If your program is split over more than one file, you can either compile them all on the same line:
% f77 fortran_program1.f fortran_program2.f -o executable_name
or compile them separately and then link the resulting object files (".o" files) together:
% f77 -c fortran_program1.f
% f77 -c fortran_program2.f
% f77 fortran_program1.f fortran_program2.f -o executable_name
If some of the include files that you require (by # include <include_file.h> (you can use cpp style includes in Fortran) or include 'include_file' statements in your Fortran source code) are not in the standard include file search paths the C preprocessor cpp (called by the Fortran compiler in case it meets any include statements) searches in, you can specify them by the -Iinclude_search_path flag:
% f77 -I/usr/local/mpich/include -c mpi.f
Similarly, if some of the library functions that your program uses are not to be found among the standard libraries the linker looks in for a Fortran program, you have to specify them yourself, sometimes including the path to the library if it not in the standard directory the linker looks in:
% f77 mathfortran_program1.o mathfortran_program2.o -o executable_name -lblas
% f77 mpi.o -o mpi-test -L/usr/local/mpich/lib/IRIX/ch_shmem -lmpi
If you are using a library whose filename is libblas.a, you specify it as -lblas.
- Compilers
f77 is the standard name for a Fortran 77 compiler and f90 for Fortran 90 one, but not there are other options:
- On all platforms:
- pghpf (soon on all CFM platforms)
- The Portland Group's HPF compiler
- On all Suns:
- f77
- Sun's Fortran 77 compiler (With extensions).
- On the Suns running Solaris 2.*, 7, 8 (SunOS 5.*, 5.7, 5.8) we have:
- f90
- Sun's Fortran 90. Check the man pages for the flags that give the various language standards.
- nagacef90
- NAG/ACE Fortran 90 (SPARC) Compiler.

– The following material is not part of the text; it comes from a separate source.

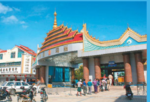
■中緬邊境上的瑞麗口岸。

以昆明—仰光經濟走廊、昆明—南亞經濟走廊和傳統的邊境貿易供貨地及目標市場為經濟腹地，在瑞麗江兩側河谷地帶的600平方公里範圍內，將建集國際經濟貿易、保稅倉儲、進出口加工裝配、國際會展、跨境金融保險服務、跨境旅遊購物、跨境投資和邊境社會發展事務合作的綜合型跨境經濟合作區，兼顧國際物流和旅遊的貿工型自由貿易區。據悉，建設中緬瑞麗—木姐跨境經濟合作區計劃，已正式列入中國商務部與雲南省政府「共同提升雲南沿邊開放水平合作備忘錄」。

Check the Web pages for documentation.
- On the SGIs we have:
- f77
- The MIPS (IRIX 5.*) and MIPSpro (IRIX 6.*) optimizing Fortran 77 compiler.
- f90
- The MIPSpro (IRIX 6.2) optimizing optimizing Fortran 90 compiler.
- On the IBMs we have:
- f77, xlf, xlf90
- IBM's very optimizing Fortran 77/90 XL compiler, with language standards conforming to strict Fortran 77, strict Fortran 90, pure Fortran 90 (free of obsolete features) or IBM extended Fortran 90, selected on the command line (see the man page).
- xlhpf
- IBM's HPF compiler
- Optimization flags
Please make sure that once you've developed and debugged a code you compile it optimized for any production runs you make. Running unoptimized production code is a waste of your time as well as well as CFM computing resources. One only needs to take care when using optimization flags as high optimization levels can alter the semantics of your code and produce significantly different and hence erroneous results. You should check the respective man pages for each compiler to see which optimization flags pose such a threat. In that case it is necessary to test your optimized code by comparing the results of one or more of its runs with those of the code compiled with no optimization. If the difference in the results is small (machine or algorithmic accuracy) then go ahead and use the optimized code. If the difference is large enough for the results to be wrong, choose a lower optimization level and try again. Despite the extra trouble you may have to go through, please try and compile your code optimized, you may be very surprised by how much the time it takes to run (especially if it is well written) decreases! And of course always remember that usually the best optimization is a better algorithm.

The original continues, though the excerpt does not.